Он сидел в своем массивном кресле, дыша, как загнанное животное, глаза у него были совсем больные.
— Кто может писать про Уолта Уитмена в такое страшное фремя?
— Почему вы не возьмете другую тему?
— Нет никакой разницы, одна тема или тругая тема. Все это не имеет пользы.

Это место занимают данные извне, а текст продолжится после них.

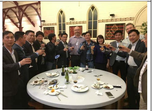
Tiệc giao lưu văn hoá và thưởng thức sản vật địa phương tại Auckland, New Zealand
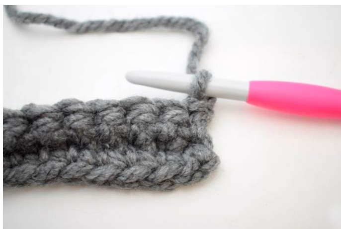
13. Denne række hækles som række 2. Vend med 1 lm.

Я приходил каждый день, просто как друг, запуская другие свои уроки, пренебрегая заработком. Во мне росло паническое предчувствие, что, если так пойдет дальше, Оскар кончит жизнь самоубийством, и у меня было одно безумное желание — предотвратить катастрофу. Более того, я сам иногда пугался, что заразился его меланхолией, — у меня появился, если можно так назвать, талант: находить все меньше удовлетворения в моих маленьких удовольствиях. А жара продолжалась, давящая, беспощадная. Мы думали, не удрать ли в деревню, но ни у меня, ни у него денег не было. Как-то я купил Оскару подержанный вентилятор, — удивительно, как мы не догадались раньше? — и он часами сидел под струей воздуха, пока через неделю, вскоре после заключения советско-германского пакта о ненападении, вентилятор не испортился. По ночам Оскар не спал, сидел у письменного стола, обернув голову мокрым полотенцем, и пытался написать свою лекцию. Он механически исписывал кипы бумаги, но ничего из этого не выходило. Свалившись от изнеможения, он видел дикие, страшные сны — нацисты его пытали, силой принуждали смотреть на трупы тех, кого они убили. Он мне рассказал, что в одном из кошмаров он будто бы вернулся в Германию повидаться с женой. Дома ее не оказалось, и его направили на кладбище. И хотя там на памятнике стояло другое имя, он знал, что это ее кровь сочится сквозь землю из неглубокой могилы. Он громко застонал, вспоминая этот кошмар.
Как-то он рассказал мне про жену. Они встретились еще студентами, сошлись, а потом, в двадцать три года, поженились. Брак был не очень счастливый. Она стала болезненной женщиной, физически неспособной иметь детей.